Education isn’t child’s play. It’s not a matter that can or should be taken lightly. Apparently, Detroit hasn’t gotten that message. In a desperate attempt to reduce the deficit, the city is considering a plan that would close down 70 of its public schools. If the plan is implemented, high school class sizes will greatly increase. This is a terrible proposal that won’t achieve the city’s goal of ameliorating its dire fiscal situation. The city of Detroit and the state Legislature need to look for ways to eliminate the deficit that won’t mortgage the city’s future and leave children behind.

According to a Feb. 22 article in the Wall Street Journal, Detroit Public Schools financial manager Robert Bobb submitted a plan to the state Legislature that would allow DPS to close half its schools and increase the average high school class size to 60 students over the course of four years. The plan is a final effort to close the district’s $327 million budget deficit and was approved by the Legislature on Feb. 8. If the plan is implemented, the number of schools in the district will fall from 142 to 72, and enrollment could decrease by about 15,000 students.
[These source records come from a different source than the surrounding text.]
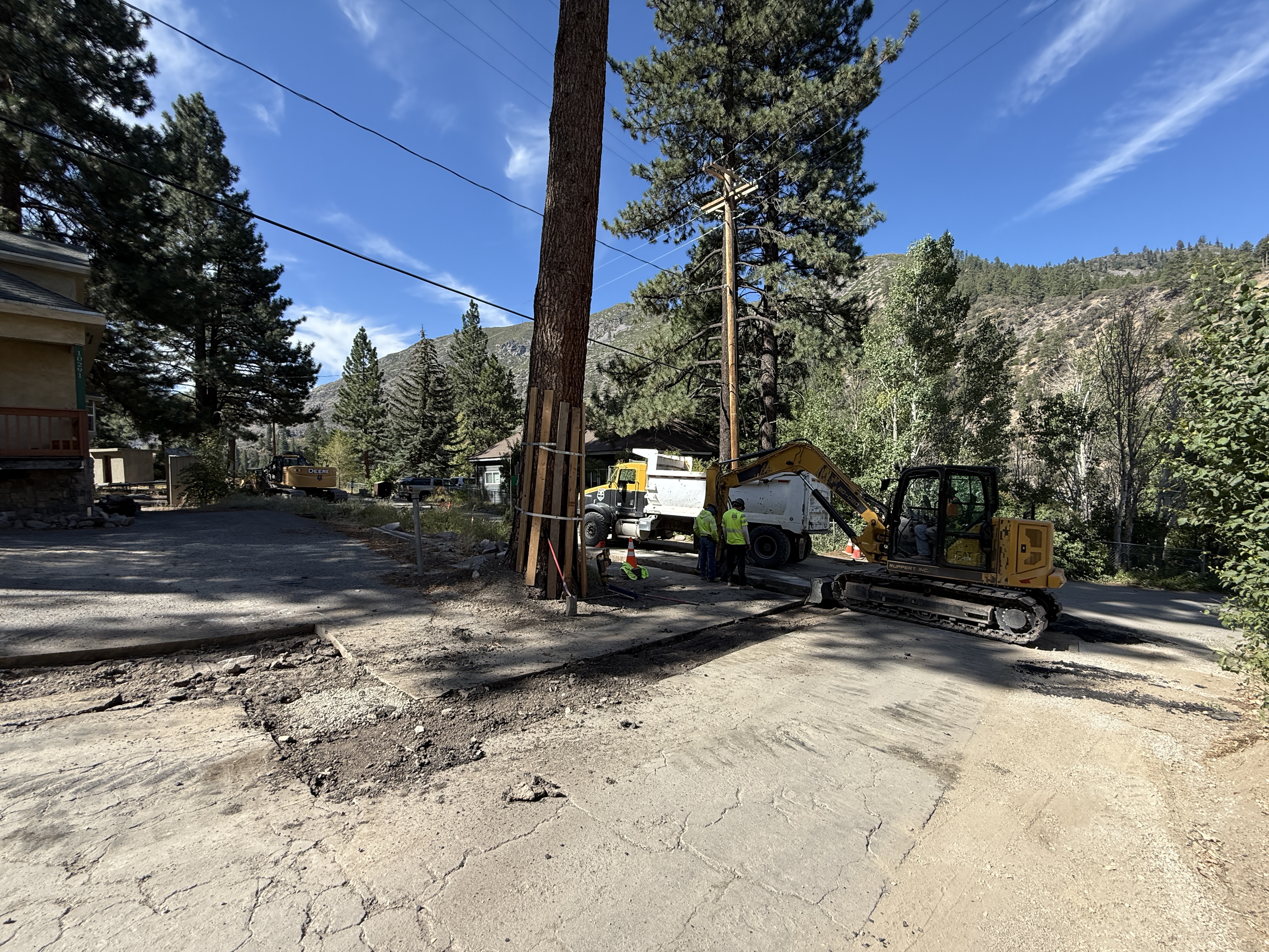 Three workers are present beside an excavator near the center of the image. The excavator appears to be engaged in excavation work, with disturbed pavement and soil visible. Two vehicles are present: a large white utility truck and a yellow excavator. Construction activity seems focused near a utility pole.
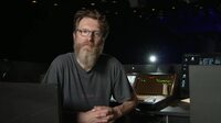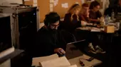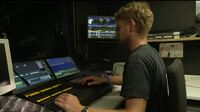Er erklärt die Arbeit der Ton- und Videoabteilung.
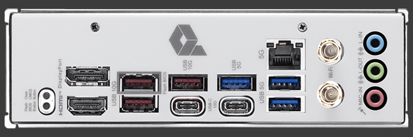 后置接口:1× HDMI 2.1 TMDS、1× DisplayPort 1.4、3× USB-A 10Gbps、2× USB-A 10Gbps、3× USB-A 5Gbps、1× 5GbE RJ45、一对 Wi-Fi 天线插孔、3× 音频插孔。
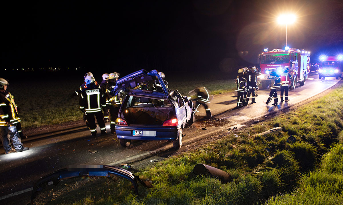 NEUENTAL. In der Nacht zu Mittwoch wurden die Unfallrettungszüge der Feuerwehren Neuental und Frielendorf, der Rettungsdienst und die Polizei zu einem Unfall auf die Landesstraße zwischen Neuenhain und Zimmersrode alarmiert. Kurz hinter Neuenhain meldeten Zeugen einen total beschädigten Kleinwagen, in dem sich eine Person befinden sollte.

Detroit is being set up to fail. In a city where educational achievement and literacy are already low, this severe budget cut could be a kiss of death. The quality of education will be compromised — in classrooms brimming with students, teachers won’t be able to give each student the individual attention he or she needs. At a time when the city should be investing in its youth to prepare them for higher education and an evolving and increasingly competitive global economy, students can’t bear the brunt of draconian austerity measures.

It’s also troubling that the plan presumes a mass exodus of about 15,000 students. As if the brain drain in Detroit — and in Michigan as a whole — wasn’t bad enough. DPS shutting down so many schools provides another incentive for people to leave the city. In the end, Detroit’s enormous budget cuts are going to diminish its tax revenue and educated human capital. Ironically, so-called fiscal responsibility will empty the city’s pockets.

But Detroit shouldn’t shoulder all of the blame for these measures. The state Legislature — which is, using some twisted logic, concurrently implementing higher education standards — approved the plan. If education is really a priority for Michigan, it’s time for the Legislature to take a firm stand against the “emergency” plan and consider some alternatives that will benefit the state as a whole.

President Barack Obama made education a theme in his State of the Union address, even explicitly calling for more teachers and a greater emphasis on learning. Michigan would do well to listen to him — Bobb’s plan shouldn’t even be a last resort. A city that can raise more than $50,000 for a Robocop statue should find a way to raise funds for its schools. The Legislature literally can’t afford to have a myopic vision for the state’s future.